The vds.new_combiner overview is missing on this page. Could that section be updated?
https://hail.is/docs/0.2/vds/index.html

Also is there a tutorial for the new variant data set api?

Should vds.new_combiner now be used instead of the hail.experimental.run_combiner for combining gvcfs?

dking · September 13, 2022, 3:10pm

Yes, definitely. The VCF combiner / VDS combiner took off a bit faster than we anticipated! I expect some basic docs to be up before the end of the week.

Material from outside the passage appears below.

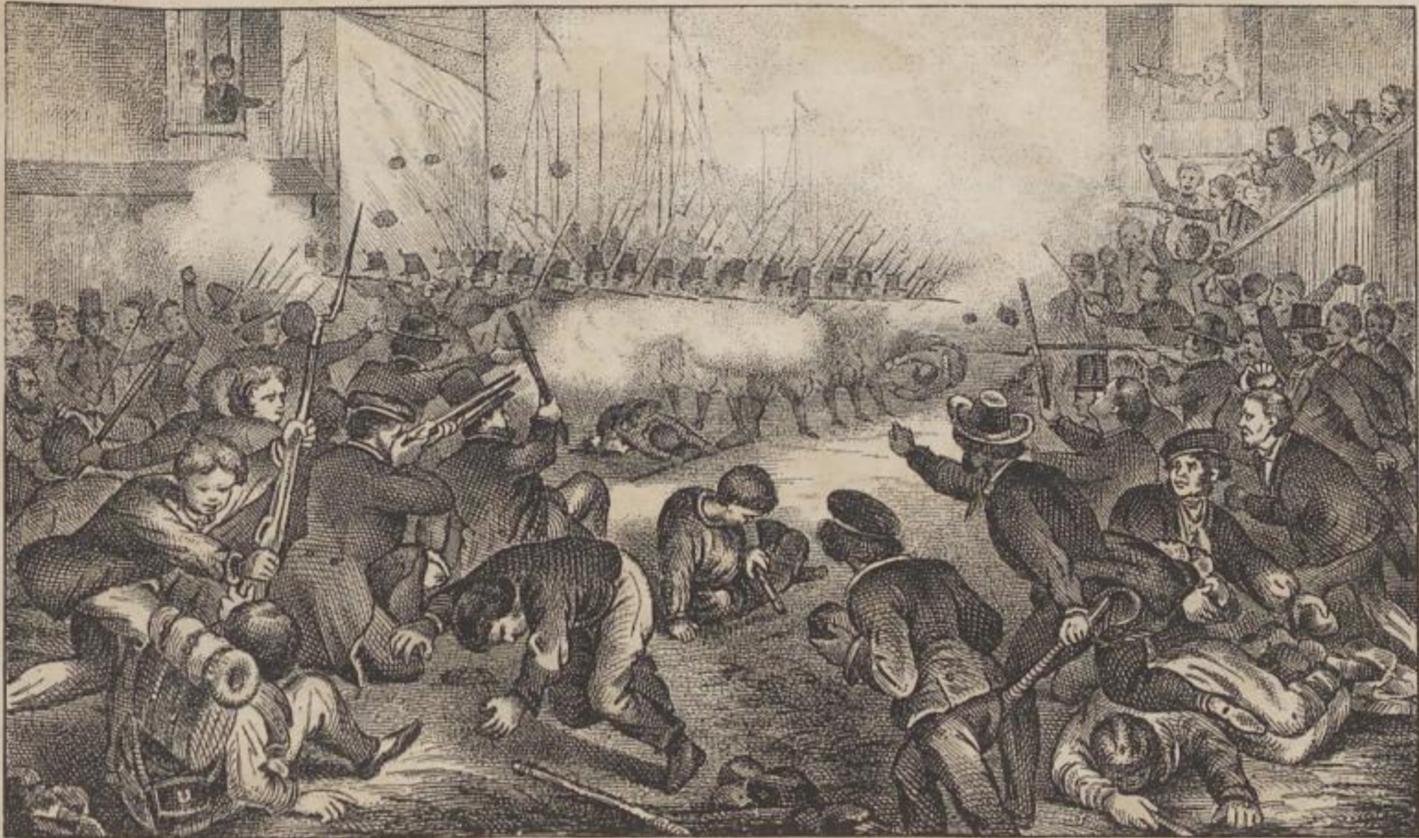
Zusammenstoß in Baltimore zwischen dem Pöbel und dem 6. Massachusetts-Regiment.

dking · September 16, 2022, 4:58pm

Docs for the combiner can now be found here. Documentation on the VDS representation and associated classes can be found here.

jjfarrell · September 21, 2022, 5:28pm

Thanks @dking! I just tried the new_combiner and getting the following warning and then the job suddenly stops. Any suggestions on this?

Running on Apache Spark version 3.1.2
SparkUI available at http://scc-hadoop.bu.edu:4040
Welcome to
__ __ <>__
/ // /__ __/ /
/ __ / _ `/ / /
// //_,/// version 0.2.97-ccc85ed41b15
LOGGING: writing to /restricted/projectnb/kageproj/gatk/combiner/combiner.log
n gvcfs: 150
vds:/project/kageproj/dragen/kage.gvcf.chr22.vds
2022-09-21 13:20:25 Hail: INFO: Coerced sorted dataset (0 + 1) / 1]
2022-09-21 13:20:40 Hail: WARN: generated combiner save path of tmp/combiner-plans/vds-combiner-plan_fef8d273ee43de7affbc317e5237cef1fa4af84bda70d343a40dc1841d971c42_0.2.97.json
2022-09-21 13:20:42 Hail: WARN: gvcf_batch_size of 100 would produce too many tasks using 58 instead

I decreased the number of gvcfs from ~3200 to 150 and still get this warning and then stopping.

The Hail script is this:

import os
import sys
import hail as hl
chr= sys.argv[1]
hl.init(log=‘/restricted/projectnb/kageproj/gatk/combiner/combiner.log’,tmp_dir=‘/project/kageproj/tmp’)
os.system(“hdfs dfs -ls -C /project/kageproj/gvcf.rb/chr”+chr+“/*.rb.g.vcf.gz |head -150 >combiner_”+chr+“.list” )
os.system(“hdfs dfs -put -f combiner_”+chr+“.list /project/kageproj/gvcf.rb” )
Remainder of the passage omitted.